The trekker camera can now be placed on bikes, boats, backpacks and dog sleds, said Ms. Tuxen-Bettman. In the Canadian sub-Arctic, it was affixed to tundra buggies supplied by an adventure company in Churchill. When they headed out of town on the appointed day, there were concerns that the bears would not be there. But "we saw a ton of them," said Ms. Tuxen-Bettman.

To ensure minimal damage to the delicate Arctic ecosystem, the buggies were restricted to a series of old military trails. So sometimes the bears are visible only in the distance, she said.

"With some of the [polar-bear] images it's kind of like a scavenger hunt, which we think is going to be kind of fun for classrooms," Ms. Tuxen-Bettman said. "But some of them are closer than others so you can say, 'There's a polar bear right there.' "
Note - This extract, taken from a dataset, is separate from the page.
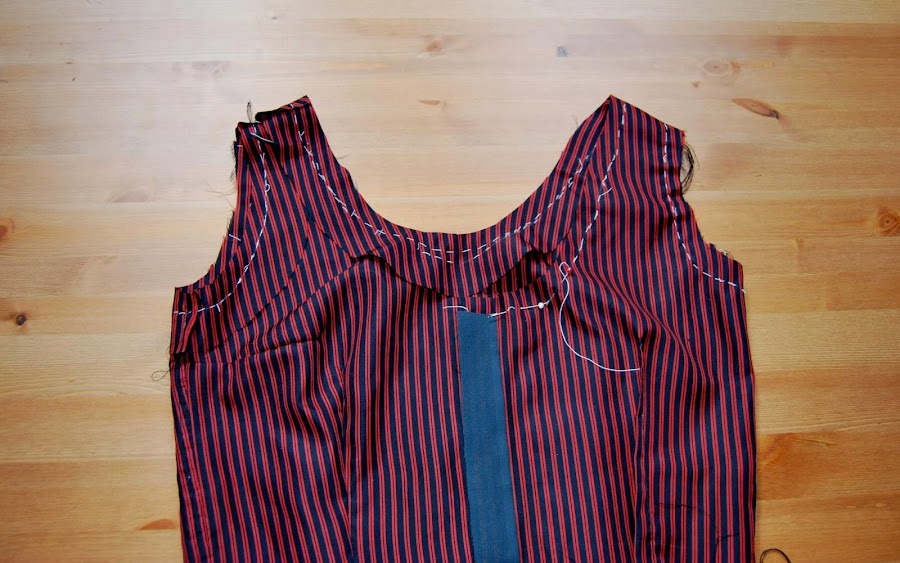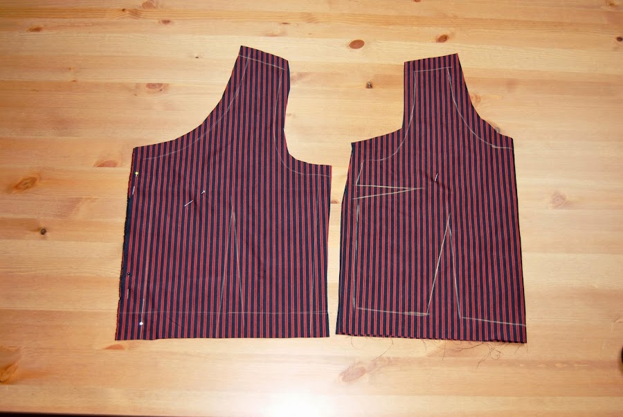 Montamos las pinzas delanteras y de la espalda y las cosemos. Unimos los costados y los hombros y los cosemos también

The project was the idea of a group called Polar Bears International which was created to preserve the bears through research, conservation and programs to reduce greenhouse-gas emissions.

The aim was part inspiration and part conservation. With the images taken in the fall, and those that will be taken in future years, Polar Bears International and other environmental groups will be able to monitor changes in the sea ice and the bear population over time.

Krista Wright, the head of Polar Bears International, said polar bears ignite the human spirit. In that way, she said, they are like the elephant or the tiger of this continent.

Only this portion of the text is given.